Hypothesis: A bug during format dumping/loading.
(Un)fortunately, I still get the correct output. But there are lots of valgrind warnings while dumping the format, so I will investigate those next. A bug during the format dumping seems most likely.
@Taco: If you cannot reproduce the bug, maybe it is an issue with endianness: Intel processors use little endian, while PPCs (used in the old macs) use big endian.
Wouldn't be the first one, either. Perhaps I should write a funding proposal for ppc hardware. Best wishes, Taco
Hi Jonathan, Jonathan Sauer wrote:
Okay, this is weird (and long), but it gets clearer near the end:
It turned out that this bug was related to having a non-zero value for hash_extra in texmf.cnf. The current svn trunk should run OK. Best wishes, Taco
Hello Taco,
Okay, this is weird (and long), but it gets clearer near the end:
It turned out that this bug was related to having a non-zero value for hash_extra in texmf.cnf. The current svn trunk should run OK.
Great! I will test it this evening.
Best wishes, Taco
Thanks, Jonathan
Hello,
Okay, this is weird (and long), but it gets clearer near the end:
It turned out that this bug was related to having a non-zero value for hash_extra in texmf.cnf. The current svn trunk should run OK.
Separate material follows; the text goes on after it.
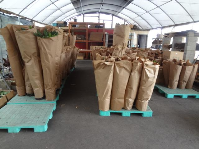 Hay is stored in a barn. A truck can be driven next to the barn doors. The driver will need to take the hay from the barn and stack it in his box trailer. The individual bales weigh about 35 to 40 lbs. each. About 500 bales will make a load.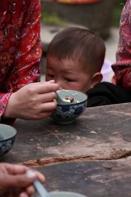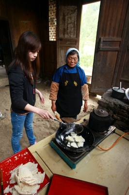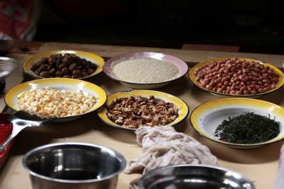 三道茶为油茶汤,称之为“甜甜蜜蜜”。油茶汤的制法没有一定之规,主要原料也视主人家的经济情况决定。一般都以自家房前屋后自产的果实为辅料,玉米、花生、核桃仁、板栗等,经滚油炸熟之后即用沸水冲泡。

To quote an old Tugboat column: "Hey, it works!" :-) However, there still is another little thing concerning \par inside \unexpanded and \detokenize inside \directlua. The following PlainTeX example: --------------------------------------------------------------------- \def\example{} \directlua0{texio.write_nl("1: \detokenize{\par}")} \directlua0{texio.write_nl("2: \unexpanded{\par}")} \directlua0{texio.write_nl("3: \par")} \directlua0{texio.write_nl("4: \luaescapestring{\detokenize{\par}}")} \directlua0{texio.write_nl("5: \luaescapestring{\unexpanded{\par}}")} \directlua0{texio.write_nl("6: \luaescapestring{\par}")} \immediate\write16{7: \detokenize{\par}} \immediate\write16{8: \unexpanded{\par}} \immediate\write16{9: \meaning\par} \directlua0{texio.write_nl("A: \detokenize{\if}")} \directlua0{texio.write_nl("B: \unexpanded{\if}")} \directlua0{texio.write_nl("C: \detokenize{\example}")} \directlua0{texio.write_nl("D: \unexpanded{\example}")} \end --------------------------------------------------------------------- results in: --------------------------------------------------------------------- luatex weird_par.tex This is LuaTeX, Version snapshot-0.20.1-2007121218 (Web2C 7.5.6) (weird_par.tex 1: par 2: 3: 4: \par 5: \par 6: \par 7: \par 8: \par 9: \par A: if B: if C: example D: example ) No pages of output. Transcript written on weird_par.log. --------------------------------------------------------------------- So the primitive \par is gobbled if inside \directlua unless is has been detokenized using \detokenize or escaped using \luaescapestring, but neither are the primitive \if nor the macro \example (the backslashes are gobbled, because Lua interprets `\p' as `p', `\i' as `i' and `\e' as `e' when inside a string [not documented, but an implementation artefact]). This only happens when inside \directlua, inside \write the result is the same. This means that if I use \directlua alone or with \unexpanded, I can have empty lines in the Lua source, since they are ignored. If I use \detokenize, however, they result in a \par and consequently a parse error (unless in a Lua string, then they result in an inserted "par "). Is this a bug? A feature? I attached my texmf.cnf ("user" overrides "base") in case this phenomenon is related to the configuration.
Best wishes, Taco
Jonathan
Jonathan Sauer wrote:
This means that if I use \directlua alone or with \unexpanded, I can have empty lines in the Lua source, since they are ignored. If I use \detokenize, however, they result in a \par and consequently a parse error (unless in a Lua string, then they result in an inserted "par ").
Is this a bug? A feature?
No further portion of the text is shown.